Prestations Minimum Maximum
A Équipement à verres simple foyer :
- dont la sphère est comprise entre -6 et +6
et
- dont le cylindre est ≤ + 4 dioptries
50 € 470 €
B Équipement composé d'un verre A et d'un verre C 125 € 610 €
C Équipement à verres simple foyer :
- dont la sphère est hors zone de – 6 à + 6
ou
- dont le cylindre est > à + 4 Multifocaux ou progressifs
200 € 750 €
D Équipement composé d'un verre A et d'un verre F 125 € 660 €
E Équipement composé d'un verre C et d'un verre F 200 € 800 €
F Équipement (pour adulte) à verres multifocaux ou progressifs :
- sphéro-cylindriques dont la sphère est hors zone de - 8 à + 8
ou
- sphériques dont la sphère est hors zone de -4 à + 4
200 € 850 €

 

  • Communiquer chaque année aux assurés le montant et la composition des frais de gestion et d'acquisition
    L'organisme assureur doit communiquer les frais pratiqués chaque année. Les frais de gestion doivent être exprimés en pourcentage des cotisations.

1. A titre dérogatoire la date de mise en conformité est repoussée à l'issue d'une période transitoire courant jusqu'au 31 décembre 2017 au plus tard pour certains contrats collectifs obligatoires


Quel est le régime social de la participation de l'employeur ?


Les contributions patronales au financement de garanties de complémentaire santé et prévoyance qui remplissent les conditions d'exonération requises sont exclues de la base de calcul des cotisations de sécurité sociale, dans une limite égale à :

  • 6 % du plafond de la sécurité sociale
  • 1,5 % de la rémunération brute soumise aux cotisations de sécurité sociale.

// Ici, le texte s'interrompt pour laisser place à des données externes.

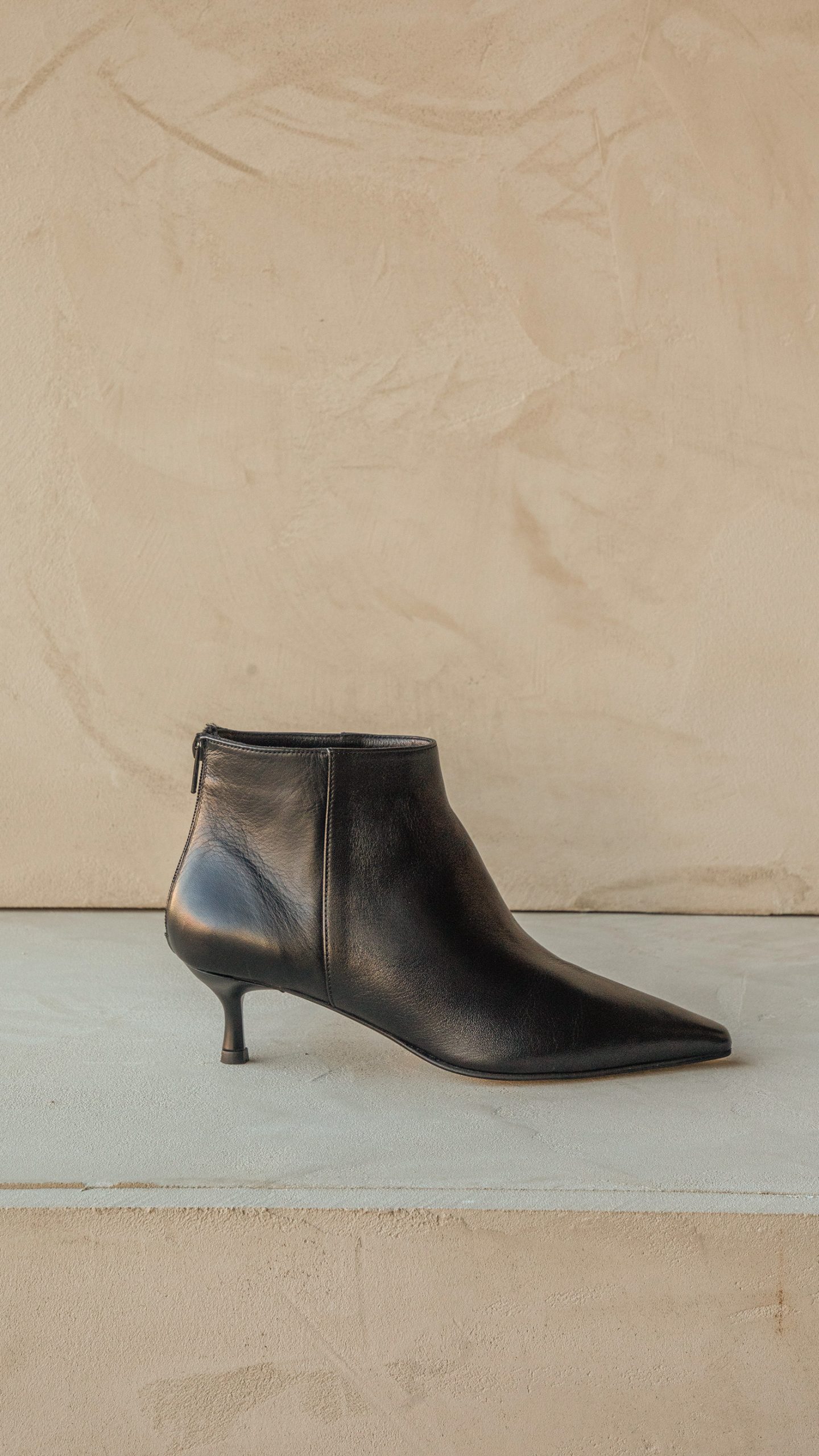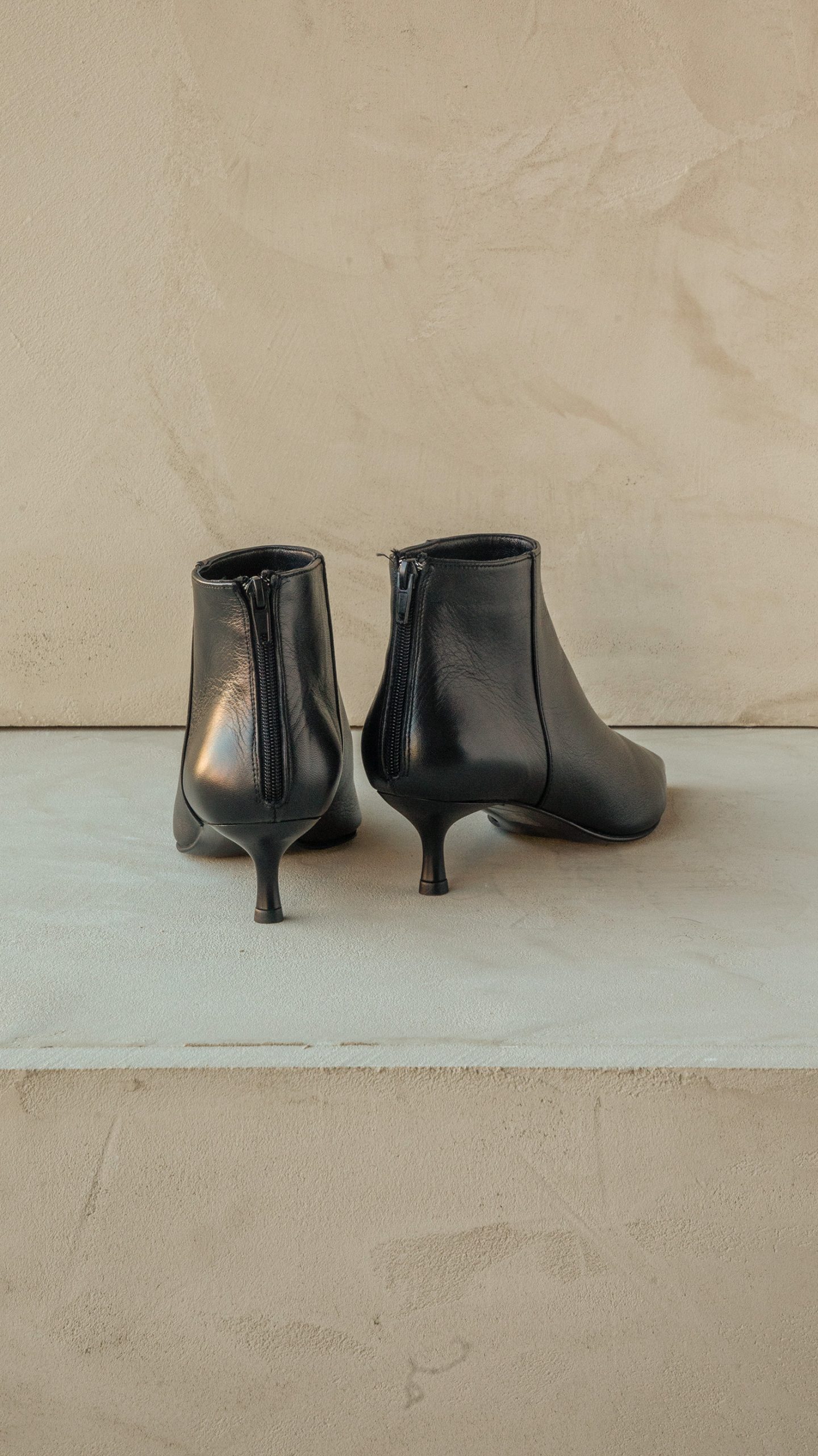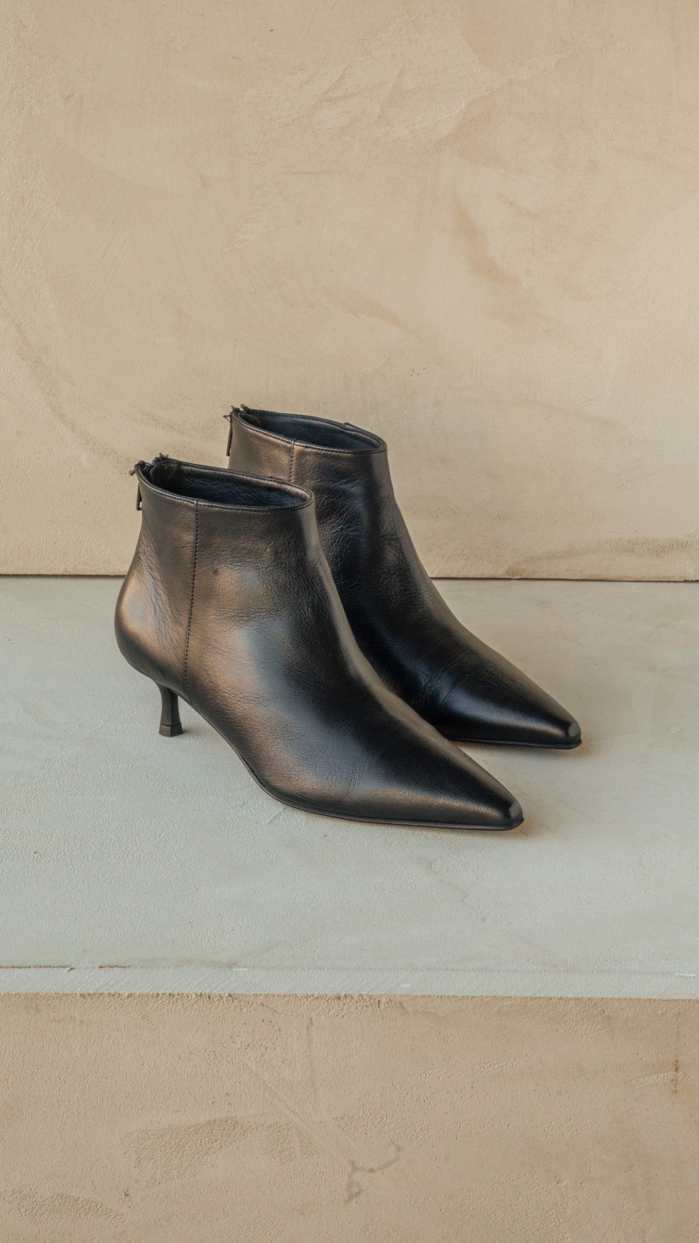 Tronchetto in pelle con chiusura a zip sul retro, altezza tacco 5 cm.

Le total des contributions exonérées ne peut pas excéder 12 % du montant du plafond de la sécurité sociale.


Quel est le régime fiscal de la participation de l'employeur ?

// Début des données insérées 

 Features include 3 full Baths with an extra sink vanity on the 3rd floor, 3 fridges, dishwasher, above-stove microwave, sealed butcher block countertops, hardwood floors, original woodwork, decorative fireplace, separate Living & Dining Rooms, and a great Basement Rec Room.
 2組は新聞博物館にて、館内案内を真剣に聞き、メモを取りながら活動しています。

Sous réserve du respect des conditions d'exonérations, les contributions salariales au financement des garanties de complémentaire santé et les contributions patronales au financement des garanties de prévoyance complémentaire ne sont pas imposables, dans une limite égale à :

  • 5 % du plafond de la sécurité sociale
  • 2 % de la rémunération brute soumise aux cotisations de sécurité sociale.

Le total des contributions exonérées ne peut pas excéder 2 % du montant de 8 fois le plafond de la sécurité sociale.